Вот так проза жизни убивает самое интересное. Собираешься, понимаешь, подслушать, подсмотреть, а тут кто-нибудь вломится со стаканом и пирожком — и прощай волнующая неизвестность.
— Чем больше живу, тем больше уясняю, — задумчиво сказал Зунгалла. — Что мы не просто обезьяны, а жрущие, пьющие, похотливые обезьяны. Здоровенные такие вонючие обезьяны. И мозгов у нас не больше, чем у кровососущего клопа.
— Это ты хватил, дружище, — возразил Ковалек, деловито разливая джин. — Перегнул палку. Это бывает, когда долго от людей оторван. От этого, брат, звереешь. На-ка, выпей.
— Чего-то мы, Ян, не понимаем, — сказал Зунгалла, взяв бокал. — Вокруг что-то такое происходит, от чего мы привязываемся друг к другу или наоборот вышибаем друг другу последние зубы. Мы не видим этого, а потому уверены, что так и должно быть. Но почему?
— Не напрягайся, Джим, — посоветовал Ковалек, жуя копченую куриную грудку. Он, оказывается, и курятиной разжился. — Тебе пока вредно напрягаться.
— Я не напрягаюсь, — сказал Зунгалла. — Только мне почему-то всё больше кажется, что всё вокруг ненастоящее. Кто-то дергает за ниточки, и мы начинаем двигаться. Начинаем глушить наркотики и стрелять друг в друга. Страшное дело, старик.
Ковалек пожал плечами.
Зунгалла выпил и сказал:
— Не подумай, что я псих. Наша беда в том, что мы не видим истинных причин. Хватаем то, что на поверхности. Но я докопаюсь. Помяни мое слово.
Ковалек снова пожал плечами. Что спорить с человеком, у которого недавно еще ковырялись в кумполе? Не заднее место всё же, гораздо более ответственное.
Глава 16. Ватага
Калачев гнал на служебном Жигуленке по гладкому шоссе в родную Шептуновку, весь горя от ярости. Раскаленный июль добавлял жара. Асфальт, прилипая, шелестел под колесами, воздух над ним дрожал, переливался.
«Сволочи, — думал Калачев. — Втянули в аферу. Век бы этого колдуна не знать.
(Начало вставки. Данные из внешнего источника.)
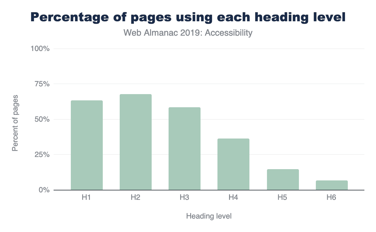 スクリーンリーダーを使うユーザーの混乱を避けるために、見出しのレベルを飛ばさないようにしてください。たとえば、H2をスキップして、H1の次にH3を使うのは止めてください。なぜこれが重要なのか? それはスクリーンリーダーを使うユーザーが、予期せぬ変化からコンテンツを見逃したと勘違いしてしまうためです。このような場合、本当は見逃しがないにもかかわらず、見逃している可能性があるものを探し始めてしまいます。あわせて、より一貫したデザインを維持することで、すべての読者を支援します。

Учили же тебя, козла: не трогай дерьмо, пока не воняет. Нет, поживиться захотел».
Было около 16. В 17 с очередным докладом должен явиться этот провокатор Серопузо. Вот именно что провокатор, без него бы, без гада, каша не заварилась.
Калачев сжал большие кулаки и почувствовал, что еще чуть-чуть, и сломает руль.
«Ну, держись, паскуда, — подумал он, ослабляя хватку. — Получишь ты у меня сегодня. Будет у тебя не серое пузо, а красное пузо. Еще этого надобно пригласить, Кешу этого вонючего».
В Шептуновку на своей железной коняге он влетел, как разъяренный бык, только пыль столбом. Пересчитал сгоряча пару выбоин на главной улице и со скрежетом затормозил у своего одноэтажного офиса. Промчался мимо дежурившего в предбаннике разморенного пенсионера Егорыча в камуфляже, который всё никак не мог пристроиться за столом поудобнее, чтобы никто не мог придраться, что он не сидит, а уже лежит, пересек коридор, затянутый паласом, приглушающим скрип половиц, и нырнул в кабинет, в котором в любую жару было сумрачно и прохладно, а в холод тепло. Этот бы кабинет, с жалюзи, шторами, кондиционером, да на Лубянку. Да с генеральскими лампасами.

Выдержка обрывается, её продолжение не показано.